Korban meninggal dunia ini tersebar di Tapanuli Tengah; Tapanuli Selatan; Kota Sibolga; Tapanuli Utara; Humbang Hasundutan; Pakpak Barat; Kota Padang Sidempuan; Deli Serdang; dan Nias.
Kemudian untuk korban hilang di Sumatra Utara juga mengalami peningkatan menjadi 209 orang setelah banyak yang melaporkan kehilangan keluarga kepada petugas di tiap-tiap posko daerah.
Sementara itu, pengungsi di Sumatra Utara tersebar di beberapa titik, antara lain 3.600 jiwa di Tapanuli Utara; 1.659 jiwa di Tapanuli Tengah; 4.661 jiwa di Tapanuli Selatan; 4.456 jiwa di Kota Sibolga; 2.200 jiwa di Humbang Hasundutan; dan 1.378 jiwa di Mandailing Natal.
Di Sumatra Barat, tercatat 129 jiwa meninggal dunia; 118 hilang; dan 16 luka-luka.
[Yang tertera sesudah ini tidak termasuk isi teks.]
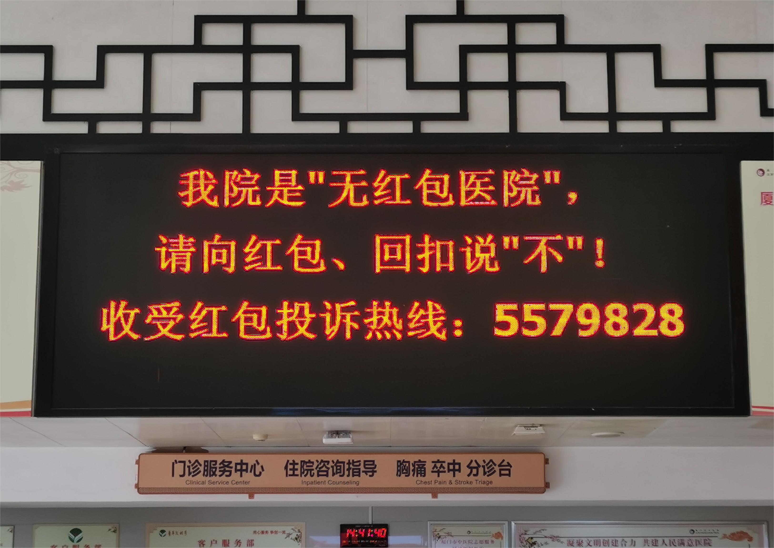 一是创建氛围。走进中医院,随处可见“无红包”医院标识;门诊多区域摆放《致患者及家属的一封信》,表明金瓶梅 拒收“红包”的坚决态度;医院门诊大厅的显示屏上滚动播放无“红包”医院的承诺以及严格遵守《医疗机构工作人员廉洁从业九项准则》的要求,时刻警醒着医务人员廉洁从医,也让广大的患者及家属深切感受到“无红包”医院的浓厚氛围。

Korban tersebar di Kabupaten Agam; Kota Padang Panjang; Kota Padang; Padang Pariaman; Tanah Datar; Pasaman Barat; Pasaman; Solok; Kota Solok; dan Pesisir Selatan. Total pengungsi mencapai 11.820 kartu keluarga atau 77.918 jiwa, dengan konsentrasi terbesar di Kota Padang dan Kabupaten Pesisir Selatan.
“Ini korban jiwa meninggal dunia 129, kemudian yang hilang 118 dan 16 luka-luka,” ungkap Suharyanto.
Kerusakan Rumah, Sekolah dan Jembatan
Pada saat yang sama, bencana ini juga berdampak pada rumah dan infrastruktur. Secara keseluruhan, BNPB mencatat 827 unit rumah mengalami rusak berat; 694 unit rumah mengalami rusak sedang; 1.300 unit rumah mengalami rusak ringan. Selain itu, 43 unit fasilitas pendidikan rusak dan 133 unit jembatan rusak.